[RECORDS TO USE — start]
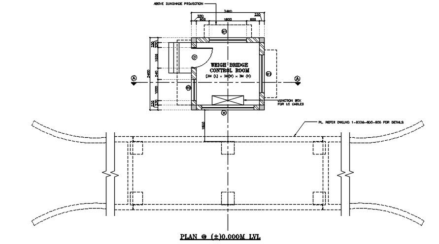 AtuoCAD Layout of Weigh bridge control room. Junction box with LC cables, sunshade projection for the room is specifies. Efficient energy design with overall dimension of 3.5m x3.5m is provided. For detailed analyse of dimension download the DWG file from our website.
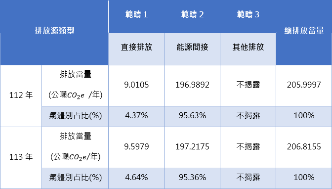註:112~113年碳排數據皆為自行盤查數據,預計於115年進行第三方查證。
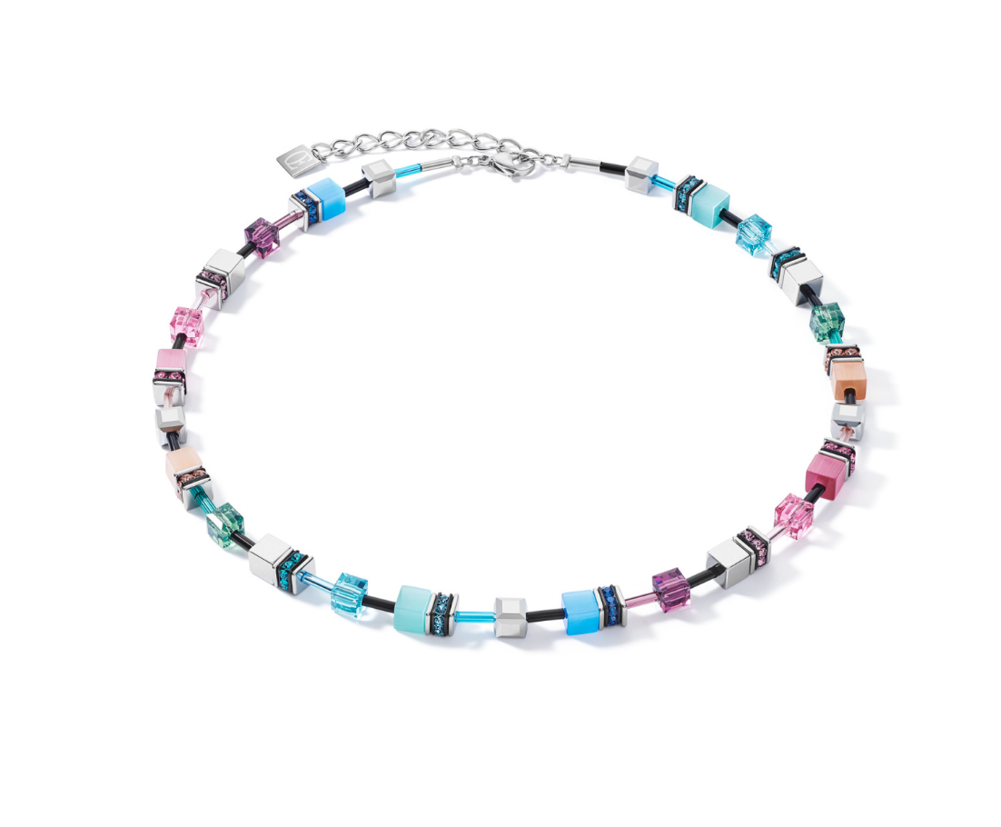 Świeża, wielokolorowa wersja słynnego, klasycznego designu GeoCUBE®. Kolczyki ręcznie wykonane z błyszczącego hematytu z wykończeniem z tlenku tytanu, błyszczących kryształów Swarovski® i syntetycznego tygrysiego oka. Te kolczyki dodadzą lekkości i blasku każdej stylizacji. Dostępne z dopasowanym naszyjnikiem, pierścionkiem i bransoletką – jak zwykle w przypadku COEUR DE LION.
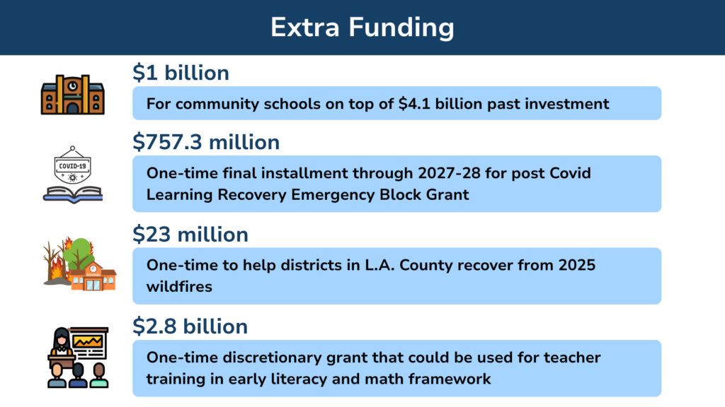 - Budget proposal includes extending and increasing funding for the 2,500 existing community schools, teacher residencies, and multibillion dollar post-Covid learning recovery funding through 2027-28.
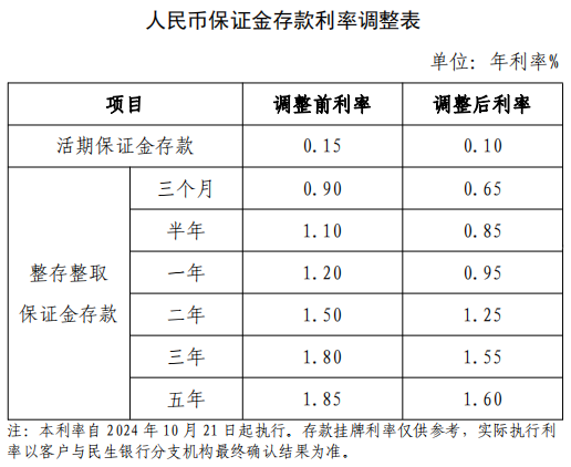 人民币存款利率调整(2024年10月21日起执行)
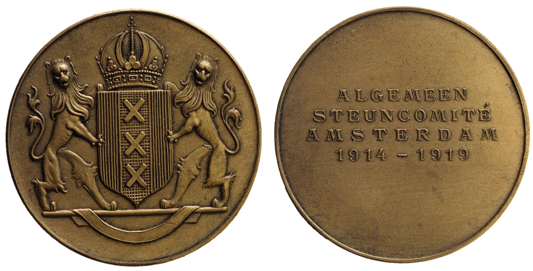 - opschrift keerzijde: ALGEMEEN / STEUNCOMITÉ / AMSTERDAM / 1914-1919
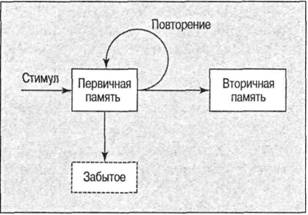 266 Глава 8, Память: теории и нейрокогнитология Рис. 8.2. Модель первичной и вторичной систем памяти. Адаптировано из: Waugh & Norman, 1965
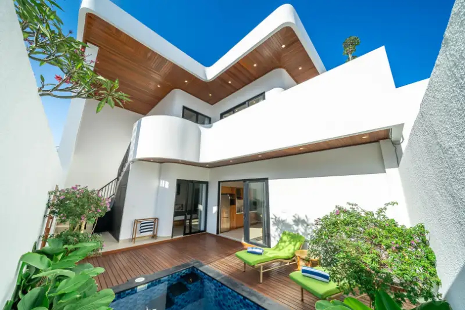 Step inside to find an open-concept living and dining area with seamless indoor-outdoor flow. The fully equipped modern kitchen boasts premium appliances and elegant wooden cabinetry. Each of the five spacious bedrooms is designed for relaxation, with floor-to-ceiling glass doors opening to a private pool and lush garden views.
[RECORDS TO USE — finish]
[RECORDS TO USE — start]
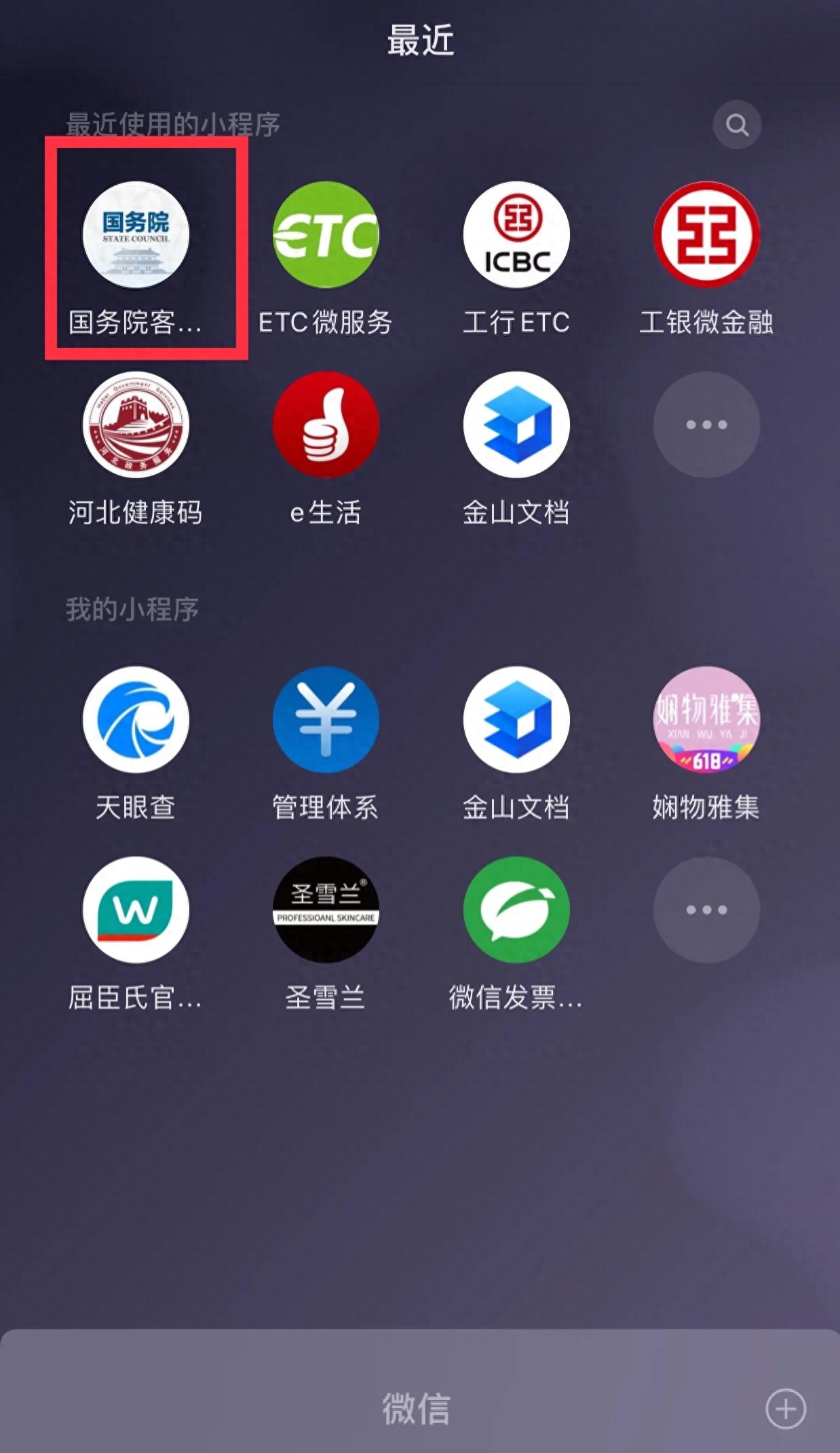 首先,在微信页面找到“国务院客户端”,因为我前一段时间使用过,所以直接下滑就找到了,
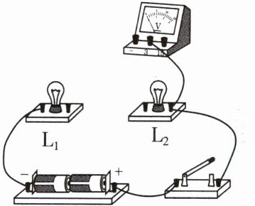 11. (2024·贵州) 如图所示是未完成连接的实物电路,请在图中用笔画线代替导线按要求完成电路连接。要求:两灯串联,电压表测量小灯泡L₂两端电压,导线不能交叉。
[RECORDS TO USE — finish]
◆ WHAT THIS TASK INVOLVES ◆
Text only, no pictures: please print exactly the lines above from the line with "266 Глава 8, Память: теории" up to and including the line with "Step inside to", and nothing else.

◆ OUTPUT FOR THIS TASK ◆
 266 Глава 8, Память: теории и нейрокогнитология Рис. 8.2. Модель первичной и вторичной систем памяти. Адаптировано из: Waugh & Norman, 1965
 Step inside to find an open-concept living and dining area with seamless indoor-outdoor flow. The fully equipped modern kitchen boasts premium appliances and elegant wooden cabinetry. Each of the five spacious bedrooms is designed for relaxation, with floor-to-ceiling glass doors opening to a private pool and lush garden views.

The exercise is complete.